Some common contract clauses include:

 Choice of Law / Forum Clause: In these types of clauses, the parties agree that the contract terms
will only be interpreted according to the laws of a specific state. Also, they may agree that litigation will
only occur in a specified jurisdiction. These are only enforceable if they don’t conflict with general
requirements of law.
 Statute of Limitations Clause: These state the time frame in which a lawsuit can be filed after a
breach of contract or other violation. Again, such clauses can’t violate already existing laws and filing
requirements. 
 Time of Performance Clause: These indicate the time frame in which the contract duties can or
can’t be performed. Some contracts state that “time is of the essence”, meaning that a breach of contract
suit can be filed if the duties aren’t performed in a reasonable amount of time.

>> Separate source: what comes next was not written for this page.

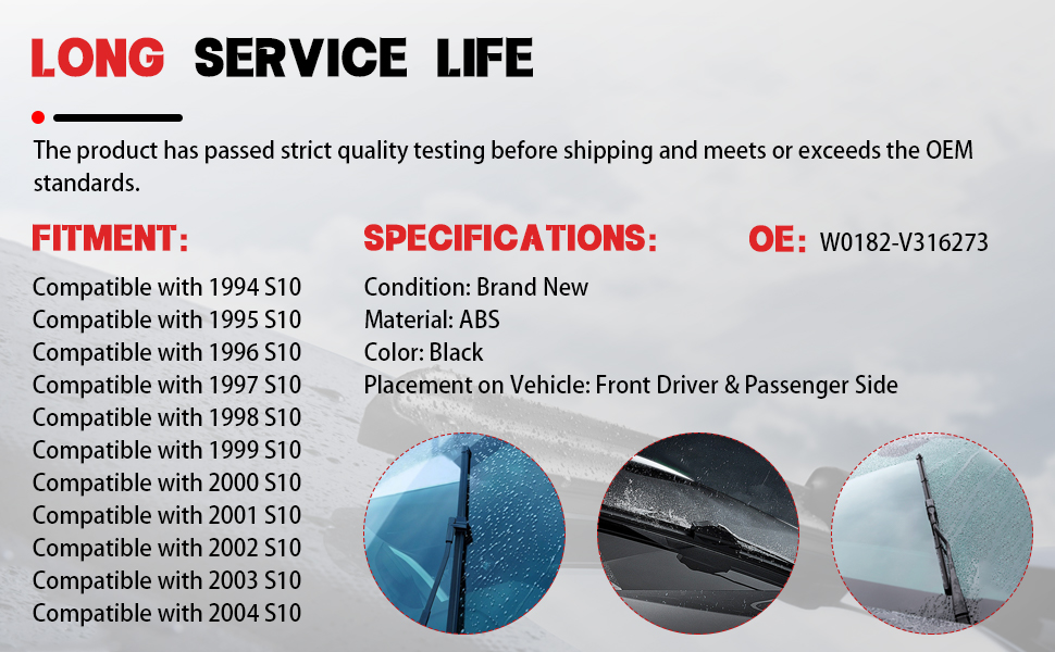 - Compatibility: Windshield Wiper Arm Set Compatible with S10 Pickup, 1994 1995 1996 1997 1998 1999 2000 2001 2002 2003 2004

 Merger Clause: A merger or integration clause states that the current written contract overrides
any previous oral or written agreements.
 Indemnification Clause: These agreements indemnify (release from liability) the other party in the
event that losses or expenses are incurred. These should be used with caution, as they could limit the
ability to recover damages for losses
 Non-Waiver Clause: These protect parties who excuse the other party for non-performance of
contract terms. For example, suppose one party only makes payments every other month when the
contract requires monthly payments. If the non-breaching party accepts the payments but doesn’t file a
lawsuit, the non-waiver clause allows them to recover the missing payments. In other words, the party
doesn’t “waive” their full contract rights by accepting non-complying action from the other party.
 Severability Clause: This ensures that the remainder of the contract is enforceable even if one part
of the contract is determined to be invalid. Without such a clause, it’s possible for the entire contract to be
invalidated by the court if only one provision is found to be invalid. Also called a savings clause.